Fragile X syndrome is a genetic disease and is linked, as its name suggests, to a mutation on the X chromosome. It affects boys and girls, but it is more serious and frequent in boys. Girls may be affected by the syndrome or may simply be carriers of the mutation with hardly any symptoms. It is the first cause of hereditary mental deficiency.
The abnormality on the X chromosome causes a protein to be synthesized abnormally. The amount of protein synthesized (the expression of the gene) determines a greater or lesser range of symptoms. This protein is very important in the first moments of development and continues to be synthesized throughout life. It also determines the functions of other genes, hence the wide range of symptoms that the syndrome presents.

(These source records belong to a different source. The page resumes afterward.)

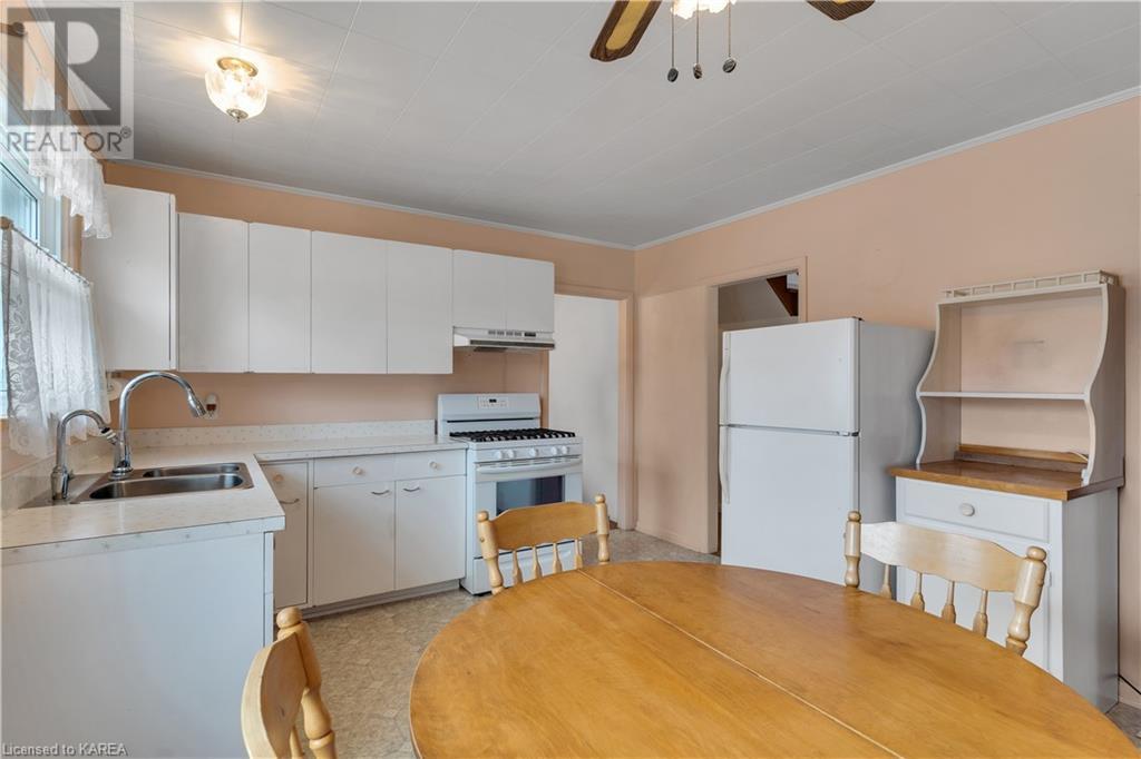 Welcome to 39 Robertson Road, Gananoque. This charming 1.5 storey home sits on a beautiful lot just outside the gates of Gananoque, the gateway to the 1000 Islands. Minutes from shopping, restaurants, entertainment, and the 401 corridor for easy commutes, this home is ideally situated for those looking to be close to the conveniences town has to offer. The main floor offers an eat in kitchen, separate dining room, large living room, full 4 pc bathroom, and 2 bedrooms. The second floor offers another 2 bedrooms, and a convenient 4 pc bathroom. The basement offers a full laundry room, mechanical room, and potential large rec-room. Off of the kitchen you will find a 3 season room, ideal for relaxing after a long day. The attached 1 car garage also offers room for workshop and storage. Call today to arrange your private viewing. (id:22211)
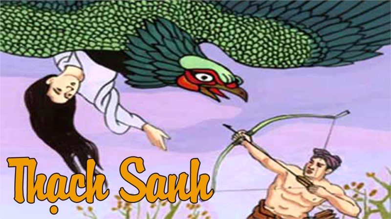Bấy giờ công chúa con vua muốn kén phò mã, bảng yết khắp dân gian, điệp gửi cùng các nước, nhưng không chọn được ai vừa ý. Một hôm công chúa đi dạo vườn hoa, bỗng con yêu tinh Ðại bàng sà xuống cắp đi mất. Tình cờ đại bàng bay ngang trên cây đa có Thạch Sanh đang ngồi thẫn thờ dưới gốc cây. Thạch Sanh thấy vậy, liền gương cung bắn một phát trúng ngay vào cánh. Nhưng đại bàng rút tên ra rồi tiếp tục bay đi, Thạch Sanh lần theo vết máu đỏ, thấy đại bàng chui vào một cái hang rất kiên cố. Chàng đánh dấu lối vào hang và trở về.
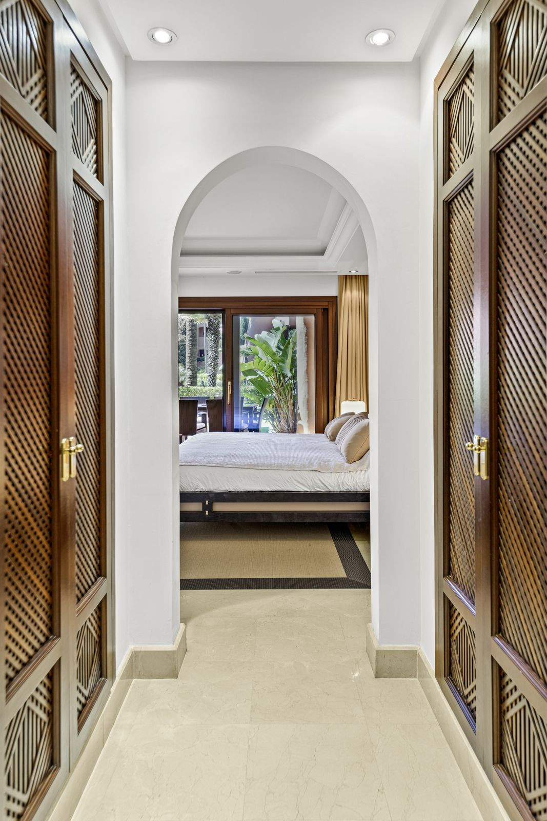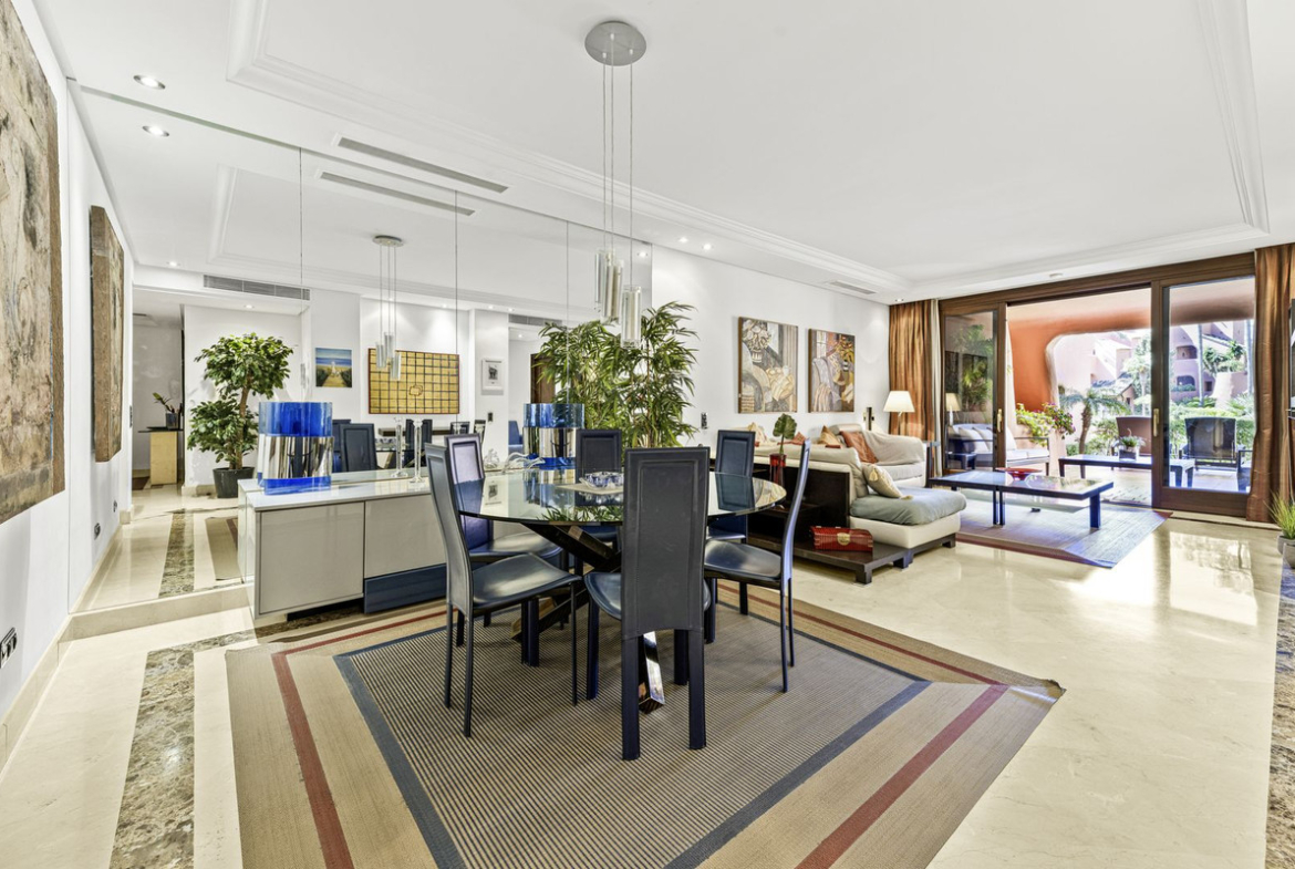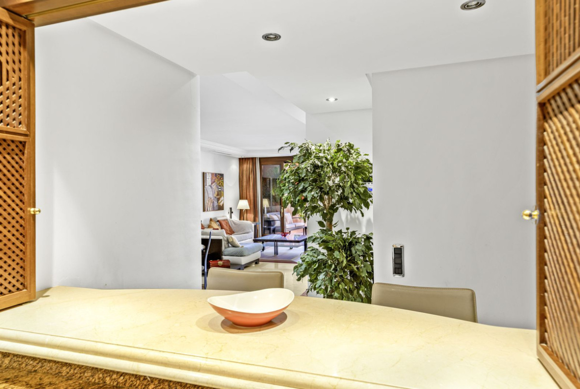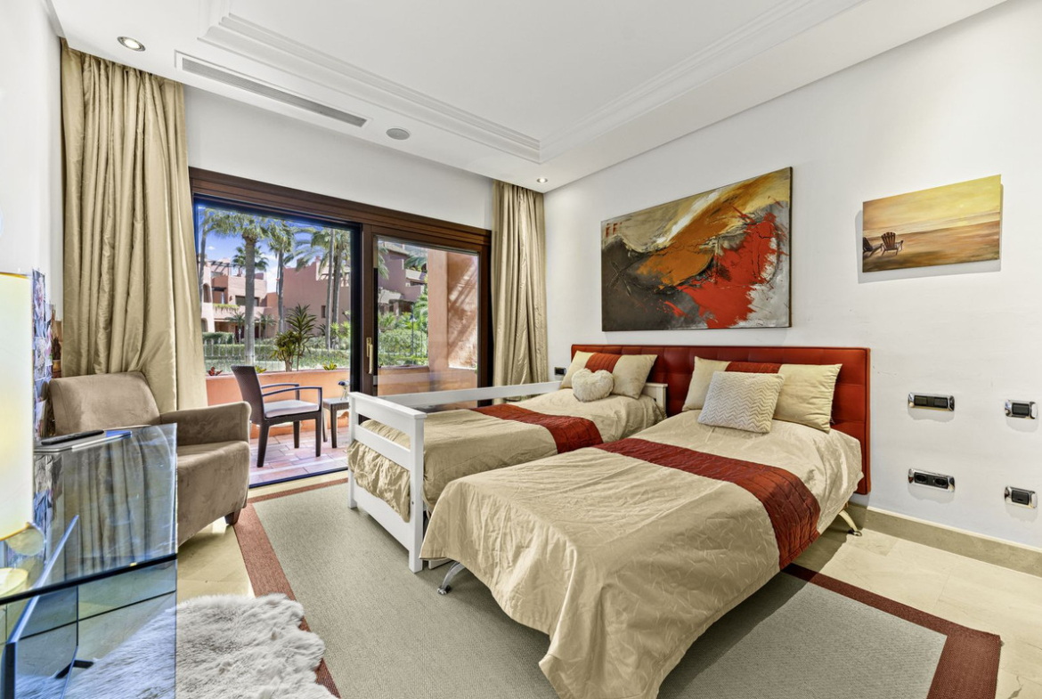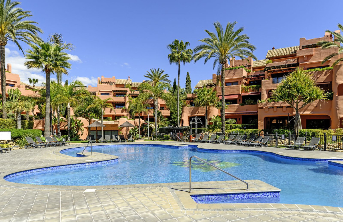 Welcome to one of the coasts most exclusive beachfront urbanisations with unparalleled security and location. This stunning 2 bedroom, 2 bathroom beachfront apartment boasts classic design and features throughout, with high quality of build and design. Welcoming you through the front door is a large hallway and following on, a fully equipped kitchen with top class appliances and a large separate utility room. As you continue through the property, laced with marble floors, you come to the open dining and living room, which heads straight onto the masterpiece of the property, which is the open terrace just steps away from the pool and south/south west facing!

Fragile X syndrome can give a very wide range of symptoms, not all those affected have all the symptoms. There are substantial differences between boys and girls.
Symptoms that may appear in children:
- Long face, large and displayed ears and joint hyperelasticity
- Macroorchidism (large testicles): this trait manifests in adolescence
- heart murmur
- Flat feet
- Epilepsy (not in all children)
- Mental retardation
- Delay in acquisitions and psychomotor
- Emotional and behavioral disorders
- Delay in language acquisition
- Hyperactivity or attention deficit
- autistic behavior
Symptoms that may appear in girls:
- Less marked facial features than in children
- Mental retardation
Children affected by this syndrome have some strengths such as:
- They are very social and enjoy the company of others.

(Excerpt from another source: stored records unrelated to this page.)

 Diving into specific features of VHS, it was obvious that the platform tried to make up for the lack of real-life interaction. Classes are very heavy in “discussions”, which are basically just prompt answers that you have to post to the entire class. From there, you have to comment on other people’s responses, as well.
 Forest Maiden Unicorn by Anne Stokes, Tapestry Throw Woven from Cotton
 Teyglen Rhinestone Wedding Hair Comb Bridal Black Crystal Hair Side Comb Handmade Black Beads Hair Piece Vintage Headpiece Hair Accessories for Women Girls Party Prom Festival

- They are very receptive to cooperative work
- They have a sense of humor
- Good imitation ability
- Good visual and long-term memory; have a good sense of direction
The diagnosis is made through a genetic study of DNA and can diagnose boys with the syndrome as well as girls who are carriers of the mutation. It can also be detected prenatally, during pregnancy. Early diagnosis is very important in order to offer the child the best possible medical and educational care.
There is currently no treatment for Fragile X syndrome but in the future gene therapy could give these children a treatment option. Current treatment is based on alleviating symptoms. Medical and educational follow-up is essential.